Claro. Además, en Tenerife queríamos consignar los barcos de petrogas que salen de la refinería de Disa. Y nosotros controlamos la gestión de los barcos que se mueven desde allí a las tres islas Orientales. Todo eso lo hacemos desde el puerto de Santa Cruz.

En los últimos años se involucró en la Asociación de Consignatarios y Estibadores de Buques de Las Palmas (Asocelpa). Pasó por el puesto de vocal y terminó de presidente. ¿Cómo definiría la experiencia?

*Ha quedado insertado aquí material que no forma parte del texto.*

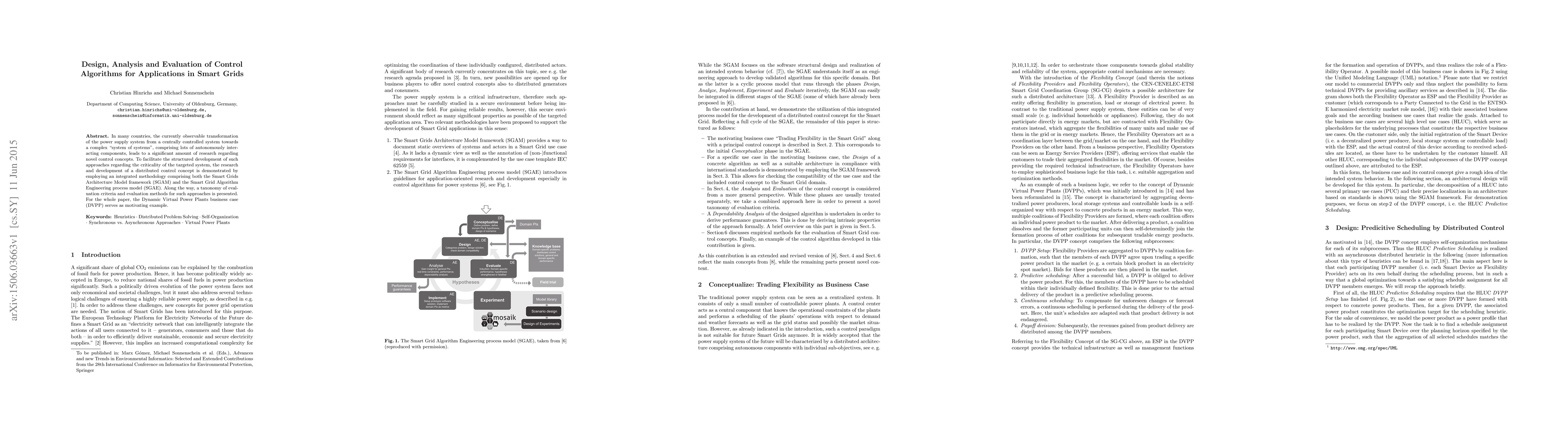 This paper develops a distributed control concept for smart grids, employing the Smart Grids Architecture Model and the Smart Grid Algorithm Engineering process model. It presents a taxonomy of evaluation criteria and methods, using the Dynamic Virtual Power Plants business case as a motivating example.
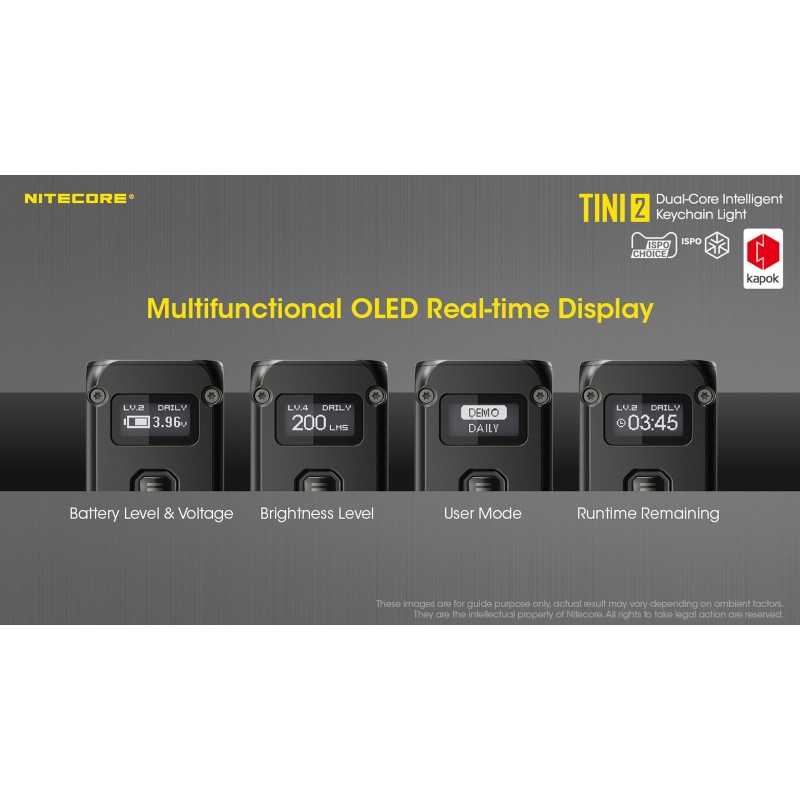 • Πολύ-λειτουργική οθόνη OLED εμφανίζει σε πραγματικό χρόνο τα Lumens, τη τάση της μπαταρίας, τη διάρκεια λειτουργίας κ.α.
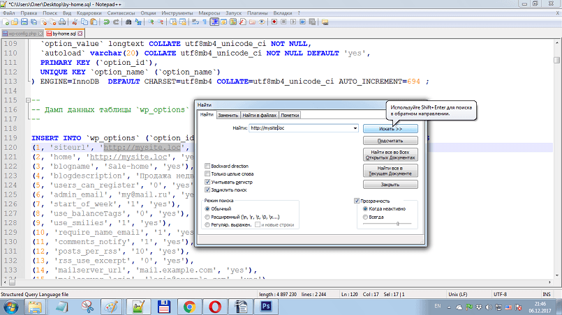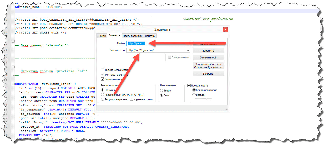 3). Теперь замените все старые URL-адреса в базе данных на новые, для этого в notepad++ нажмите ctrl+f и в всплывающем окне выберите пункт «Заменить», далее вводите в пункт «Найти» существующий URL, в пункте «Заменить на» — новый URL-адрес.
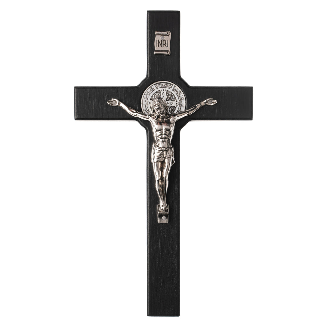Hängendes Kreuz des Heiligen Benedikt mit dem Passionskreuz Hängekreuz aus Buchenholz (Schwarz, 18x10x1,8cm) …
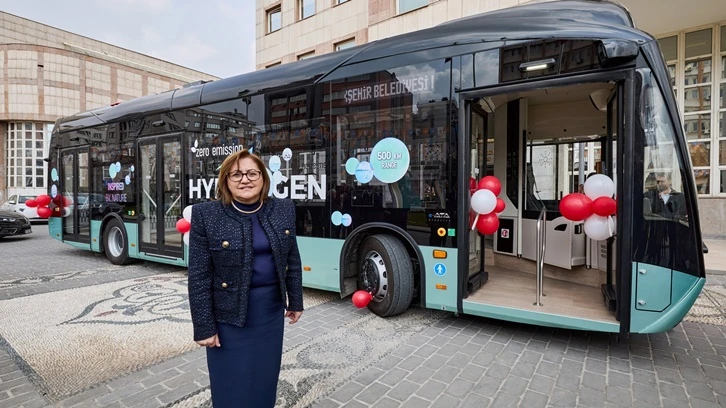 Gaziantep Büyükşehir Belediyesi, Türkiye’de hidrojenle çalışan otobüsleri ilk kullanan belediye olmaya hazırlanıyor. Egzozdan yalnızca su buharı çıkaran sıfır emisyonlu bu çevreci otobüsler, bir depo hidrojenle 500 kilometre yol katediyor. Hidrojen yakıtı, Büyükşehir Belediyesi’nin kurduğu güneş enerji santrallerinden sağlanan enerjiyle üretilecek ve depolanacak.
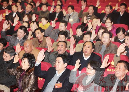 代表们举手表决。 记者 何戈 摄
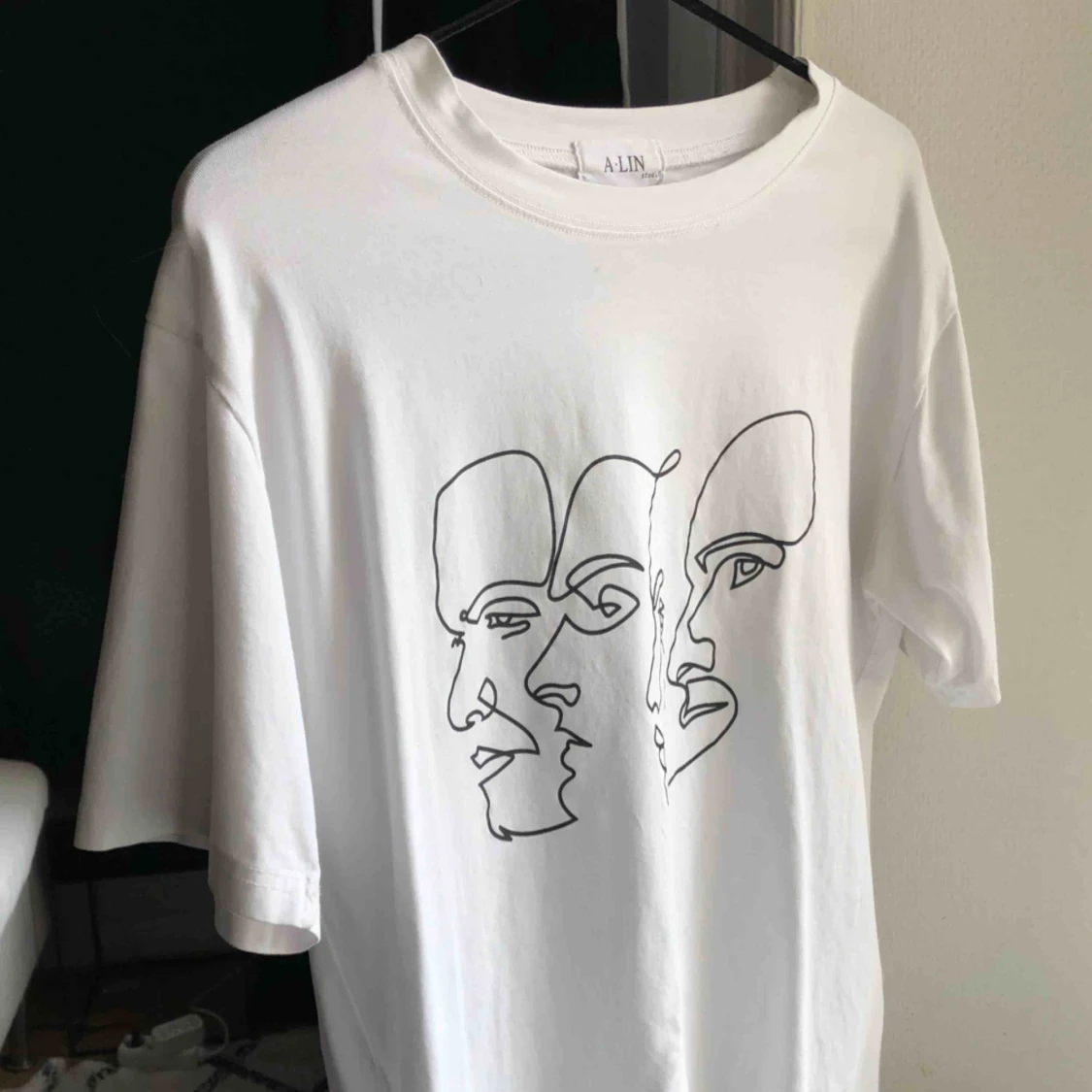 Super skönt vit T-shirt med ansiktsdetaljer! Knappt använd! Som ny! Passar både S och M! Köpt för: 700kr Mitt pris: 300kr #ansikten
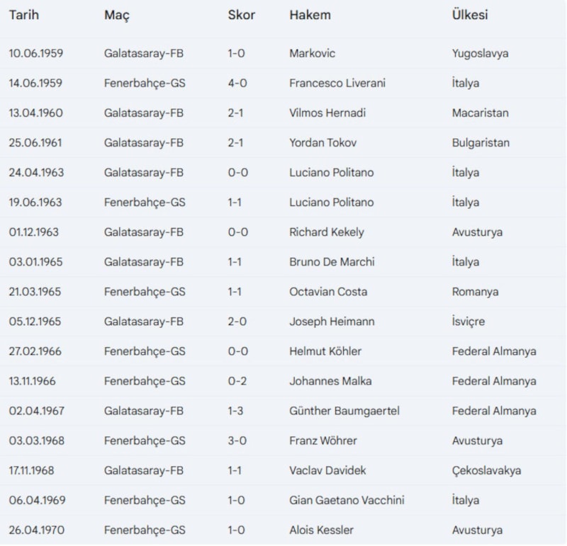 1959'dan bu yana Süper Lig'de yabancı hakemleri yönettiği Galatasaray-Fenerbahçe derbileri şöyle:
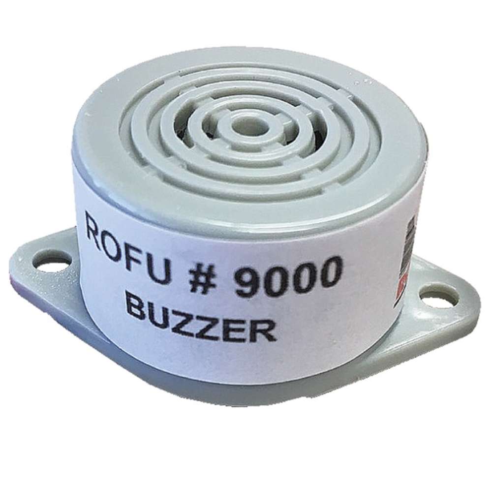 The ROFU 9000 Electric Buzzer, Rated for 7-30 VDC. 1" x .63" x .57".
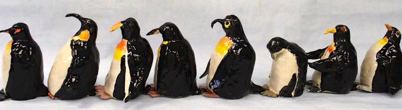(#1) [From the site:] “Nineteen clay modelled penguins make up our march…inspired by our studies into penguins using BBC film footage from ‘Spy in the Huddle’.”

Una buena época. Fue poco antes de jubilarme y estuve como dos años. Es en las asociaciones donde podemos los consignatarios hacer fuerza y presión. Sirve para conseguir cosas y mejoras para el Puerto. Cuando me lo propusieron me gustó la idea porque sientes que puedes hacer más, luchar más. Lo bueno es que en la directiva hay distintos tipos de consignatarios y allí nos unificamos y apoyamos para mejorar el conjunto.

¿Destacaría algo?

El día a día. Son muchas reuniones, hay veces que estás liadísimo, hechas muchas horas. Pero es gratificante porque sientes que estás luchando. No solo por tu empresa, si no por el conjunto del Puerto desde un sitio donde se te oye, sabes que puedes hacer algo más. Porque al final beneficia a todos los sectores involucrados.

Tras la jubilación, ¿sigue pendiente del Puerto?

Sigo las noticias. Vengo una vez por semana. De alguna manera sigo conectado. No se puede borrar, es algo que llevo en la sangre. El Puerto es algo que te engulle, te mete aquí dentro.

¿Viene de familia portuaria?

No. Fue todo una casualidad. No me veía acabando en este sitio. Pero es un trabajo que me ha gustado y me jubilo con grandes recuerdos.

Después de 40 años dedicado a esta profesión. ¿Cambiaría algo de su trayectoria?

No. La verdad es que salgo orgulloso de todo lo conseguido. Con la satisfacción de conseguir metas personales. No cambiaría nada, porque entonces no habría sido lo que fui aquí. A nivel personal tuve mis logros, conocí a mucha gente. No soy ingeniero ni nada, y llegar a ser presidente de Asocelpa y de una empresa como J. A. Arocha es algo increíble. Si me lo llegan a decir hace más de veinte años a dónde he llegado no me lo habría creído. Podría haber cambiado alguna cosa, pero hay que ser positivos.